Başarısız olmasına rağmen, cumhuriyetin kuruluşundan sonra bu düşünceler belli çevrelerde savunulmaya devam etti. Karşı devrimciliğin giderek yükselmesiyle de tekrar gündeme oturdu. Buna göre üst kimlik Müslümanlık olmalı, bu yolla diğer İslam ülkeleriyle birliktelik sağlanarak onlara öncülük edilmeliydi.
Erbakan’ın başbakanlığı döneminde kurulan D-8 bu yönde bir çabanın ürünüydü. Amaç İslam ülkelerinin ekonomik işbirliğini güçlendirmekti. Ancak adından da anlaşılacağı gibi sadece sekiz ülke bu oluşuma katılmış, ABD’ye yakın olan Suudi Arabistan gibi ülkeler bu işbirliğine itibar etmemişlerdi. Birinci Dünya Savaşı yıllarında İngilizlerle yapılan işbirliği 80 yıl sonra bu defa ABD ile sürdürülüyor, İslam birliği göz ardı edilmeye devam ediyordu.
Erbakan’dan beş yıl sonra iktidara gelen öğrencileri, ilk yıllarındaki Batı yanlısı politikalarını bir süre sonra terk ederek hocaları gibi İslam birliğine yönelme yolunu seçtiler. Ahmet Davutoğlu önce yazdığı kitaplarla ardından bakan olarak üstlendiği sorumlulukla bu yönde adımlar atmaya başlayarak Türkiye’yi İslam ülkelerinin öncüsü ve hamisi durumuna getirmeye çalıştı.
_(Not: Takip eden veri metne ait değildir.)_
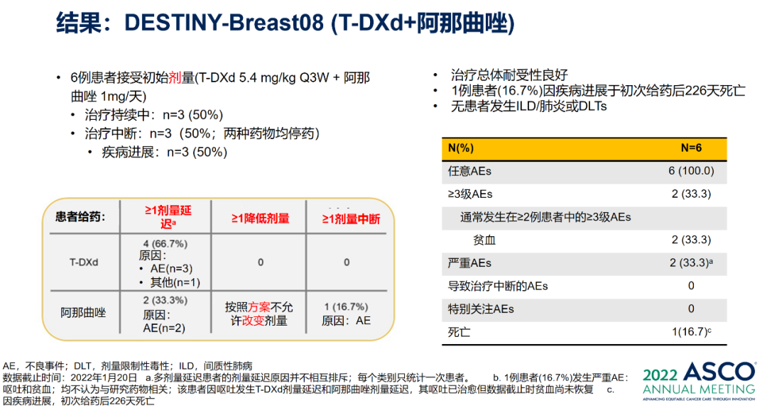 2022年ASCO大会报道了T-DXd+帕妥珠单抗的剂量探索结果,确定该方案的RP2D(T-DXd 5.4 mg/kg Q3W+帕妥珠单抗420mg;帕妥珠单抗负荷剂量840mg),7例患者中有5例(71.4%)仍在治疗中,2例(26.8%)治疗中断(撤回知情和射血分数降低各1例);3例(42.9%)≥3级AEs,没有间质性肺病(ILD)/非感染性肺炎或剂量限制毒性(DLTs)发生,无死亡事件。

Ancak sonuç, tıpkı yüzyıl önce olduğu gibi fiyaskoydu. İslam ülkelerinin Türkiye’den böyle bir beklentileri olmadığı gibi, bu amaçla ülkeye alınan sığınmacılar da özellikle sosyolojik açıdan sorunlar yaratmaya başladı. Müslüman Suriyelilerin ülkeye alınmasıyla iki topluluk arasında kardeşliğin büyüyeceğini düşünenler, gerek işsizlik gerekse kültürel sebeplerle birbirlerini öldürmeye varan kavgalarla yüzleşir oldular. Beklenen gerçekleşmemiş, aksine öfke daha da büyümüştü.
Tayyip Erdoğan’ın hafta içinde yaptığı açıklama, bu konuda iktidarın birçok meselede olduğu gibi yine ders almadığını kanıtladı. Müslümanlığın üst kimlik olduğunu söyleyen cumhurbaşkanı, bu tanımlamanın içte ve dışta yarattığı sorunları umursamadığını gösterdi.
Her şeyden önce, bazıları yukarıda da verilen sayısız örnek bir yana bırakılsa bile, son iki yılda Gazze’de yaşananlar karşısında İslam ülkelerinin etkisiz kalmaları, İslam birliğinin imkânsızlığının en net göstergesidir. Bu kadar açık bir katliam karşısında bile ortak bir ses çıkaramayan bu ülkelerin, kalıcı ve etkisi büyük bir işbirliğine gitmeleri mümkün değildir.
Türkiye özelinde ise siyasal İslamcı iktidarın izlediği politikaların özellikle gençler arasındaki belli bir kesimin dinden uzaklaşmasına yol açtığı diyanetin bile zaman zaman üzerinde durduğu bir gerçektir. İslam’ın siyasallaştırılmasının inanca verdiği zarar bu kadar açıkken Müslümanlığı üst kimlik olarak görmeye devam etmek, toplumu dinden adım adım uzaklaştırmaktan başka bir işe yaramayacaktır.